Let $n^2$ be the largest perfect square that is less than or equal to $x$, then $x$ can be defined as follows,
$$ x = n^2 + m + \epsilon, 0\lt\epsilon\lt 1, m\in\Bbb Z$$
Show that $\left\lfloor \sqrt{x} \right\rfloor$ is $n$ and show that $\left\lfloor \sqrt{\left\lfloor x \right\rfloor} \right\rfloor$ is also $n$.
Proof: let us just consider proofing why $\left\lfloor \sqrt{x} \right\rfloor$ is $n$.
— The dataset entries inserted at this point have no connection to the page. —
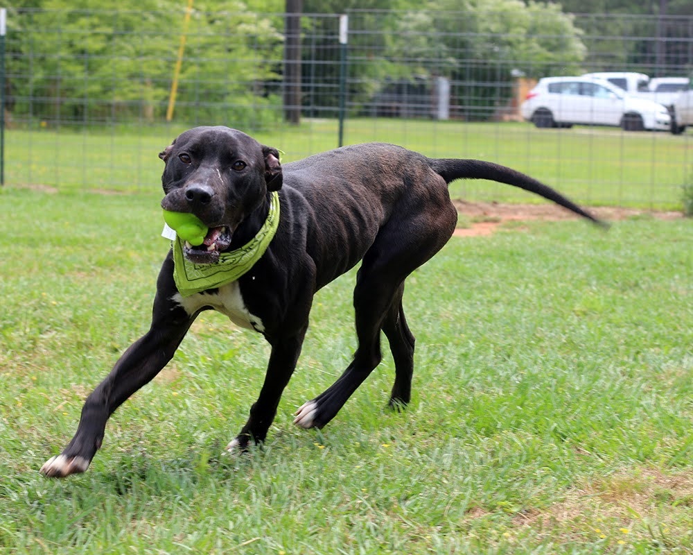 Name: Ranger Breed: Great Dane Mix Age: Approx. 3 Years as of May 2022 Sex: Male Weight: 69 lbs and gaining Good with Dogs: Yes Good with Cats: No Good with Kids: Yes Ranger came to us as a walking skeleton after our founder discovered him on the run near her home in a county that has no animal control. Ranger is a great boy that absolutely LOVES toys and is a good boy about them. He will tell you all about his day and does so with a tail wag. He is a very sunny boy and is rapidly becoming a staff favorite here. He is quite gentle. He is an absolute HOOT to watch and play with in the play yard and his smile is infectious. ---- Peach County Animal Rescue is a rescue located in Fort Valley, GA. Our adoption fees range from $250-350+. Although our rescue dogs share a common bond with one another, no rescue story is the same (even when similar). Vetting costs vary depending on their health conditions. All of our dogs are fully vetted: up-to-date on annual shots, spayed/neutered and microchipped with a lifetime registration. We look forward to hearing from you! If you would like to send in an application for this dog, please use the link below! https://peachcountyanimalrescueandrehabilitation.org/apply-now-2/
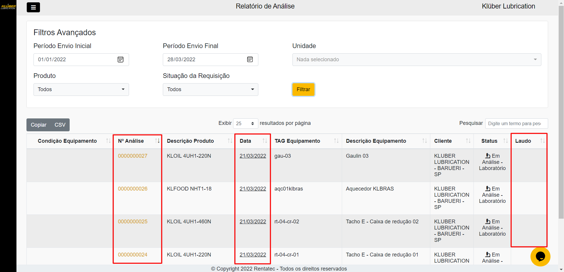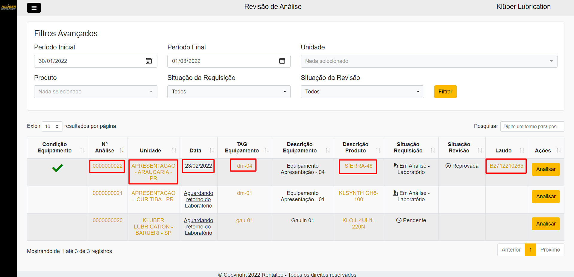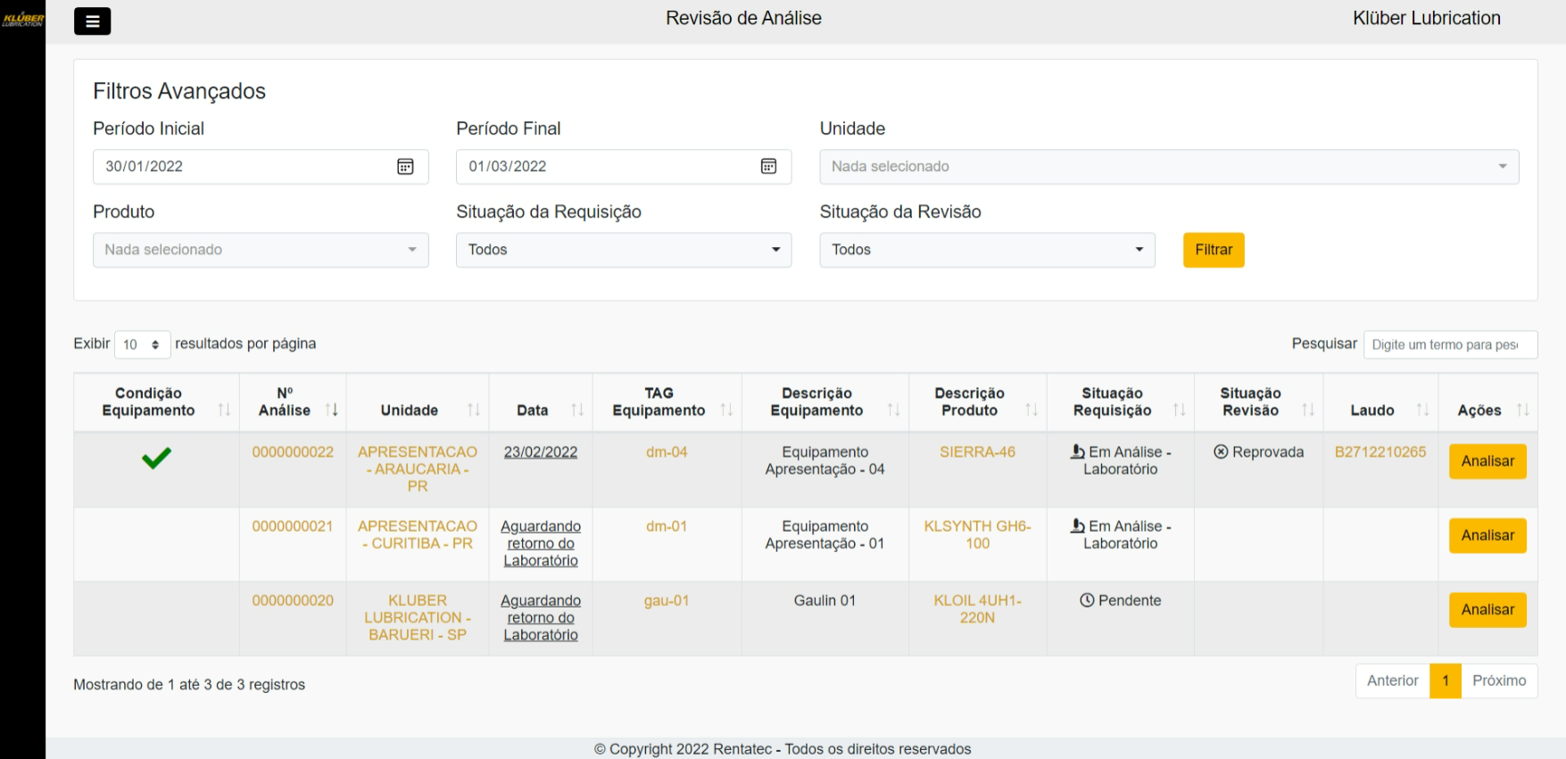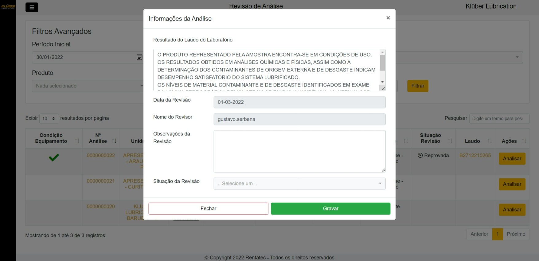 O programa de Relatório de Análise, tem como objetivo realizar o fluxo de revisão e aprovação de laudos das requisições de análises realizadas no Portal de Engenharia de Aplicação 4.0 da Klüber Lubrication.
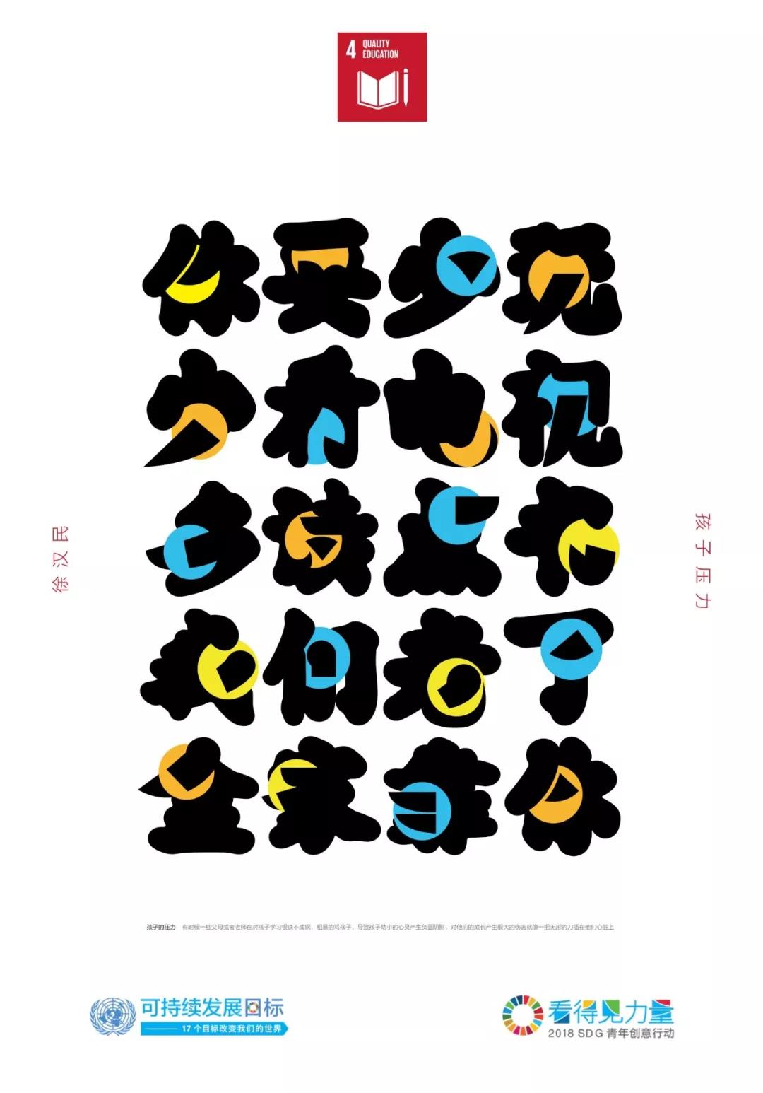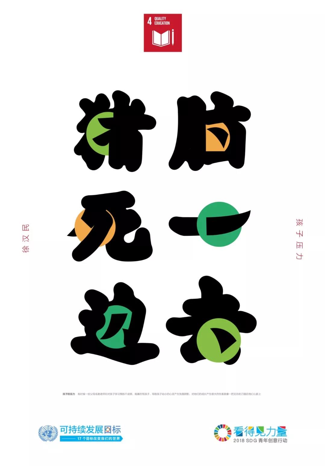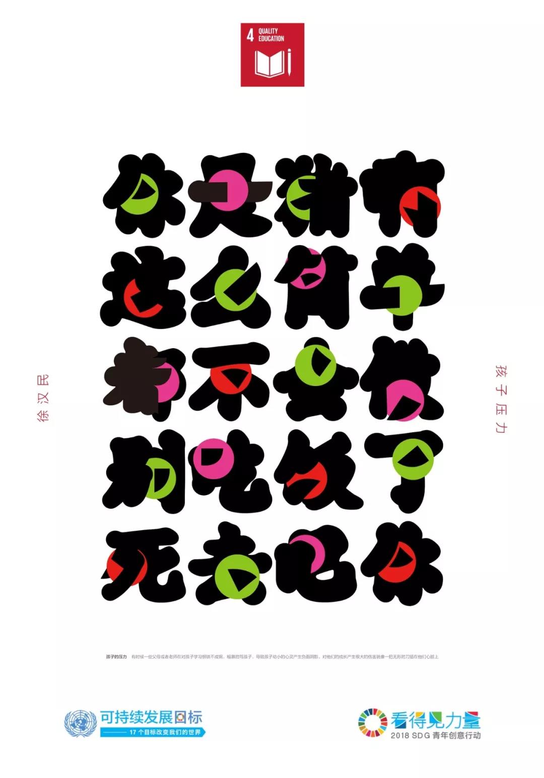 作品解释 /现在孩子的压力越来越大,导致很多孩子心理灰暗、暴力犯罪、自我封闭等现象,其中一个原因是父母期望和恨铁不成钢打骂给孩子带来沉重的压力。由此作者直接用那些语句来设计,这些字体中穿插着一个小圆点即孩子们的脑袋,他们被这些语言带来的无形压力刺痛,整个字比较圆润只有关键的地方锋利无比,就像一把无形的刀插在他们心上。
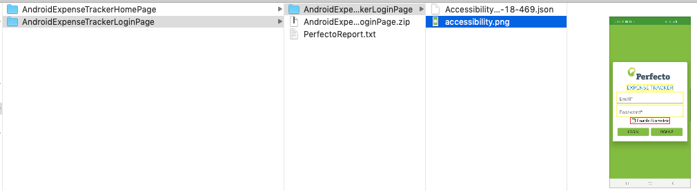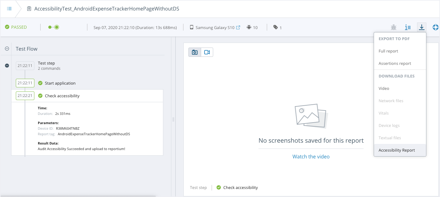 PerfectoReport.txtfile, which includes a link to the Single Test Report in the Perfecto UI, where you can also download the accessiblity report
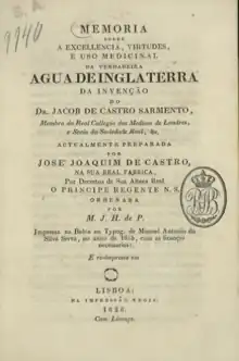 Sarmento creó una rentable red de distribución de Agua de Inglaterra en Portugal y se convirtió en una de los fármacos más consumidos en el país. Otros, incluido el sobrino de Castro Sarmento, quien afirmó que su tío había compartido la fórmula con él, produjeron sus propias versiones falsificadas.[22][25] Los derechos del hijo del sobrino a este respecto fueron disputados en el Parlamento portugués en fecha tan tardía como 1821, habiendo sido previamente respaldados por el Príncipe Regente. Dos farmacéuticos de Lisboa también produjeron sus propias versiones.[24]
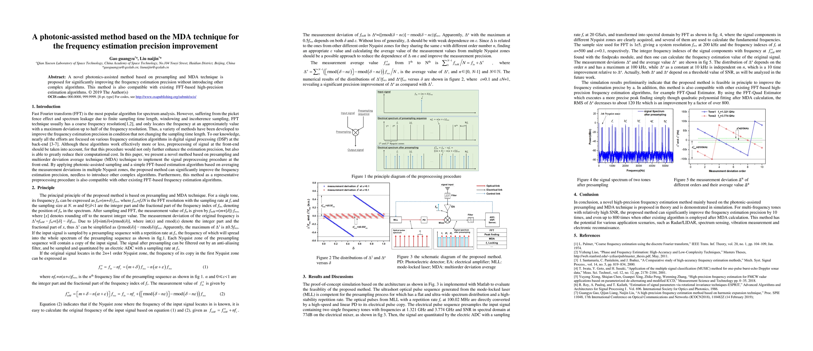 A novel photonics-assisted method based on presampling and MDA technique is proposed for significantly improving the frequency estimation precision without introducing other complex algorithms. This method is also compatible with existing FFT-based high-precision estimation algorithms
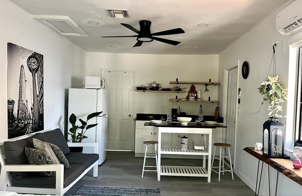 Relájate en este espacio tranquilo y elegante. Hemos creado un encantador apartamento sensual en una ubicación muy céntrica. Totalmente amueblado con una lujosa cama tamaño king en el dormitorio, Wi-Fi, cocina equipada y ropa de cama. Estacionamiento designado, todo en un barrio seguro y tranquilo. Servicio de lavandería en la parte trasera del edificio y es gratuito para los huéspedes. Tarifa única de $ 50 por persona.

Start with $\left\lfloor \sqrt{x} \right\rfloor$,
$$\sqrt{x} = \sqrt{n^2 + m + \epsilon}$$
The proof claims that since $n^2$ is the perfect largest square that is less than or equal to $x$, $\sqrt{x}$ has to be between $n$ and $n+1$,
$$\left\lfloor \sqrt{x} \right\rfloor = n$$
Could you please explain as why $\left\lfloor \sqrt{x} \right\rfloor = n$?
In your specification, you overlooked something:
Since $n^2 \leq x < (n+1)^2$,
$m \leq (2n)$.
This follows, since if $m \geq (2n+1)$, then $n^2 + m + \epsilon$ would be $\geq (n+1)^2$, which is a contradiction.
Then, you have that $\sqrt{x} = \sqrt{n^2 + m + \epsilon} < \sqrt{n^2 + (2n+1)} = \sqrt{(n+1)^2} = (n+1)\implies$
$n = \sqrt{n^2} \leq \sqrt{x} < (n+1) \implies$
$\left\lfloor \sqrt{x}\right\rfloor = n.$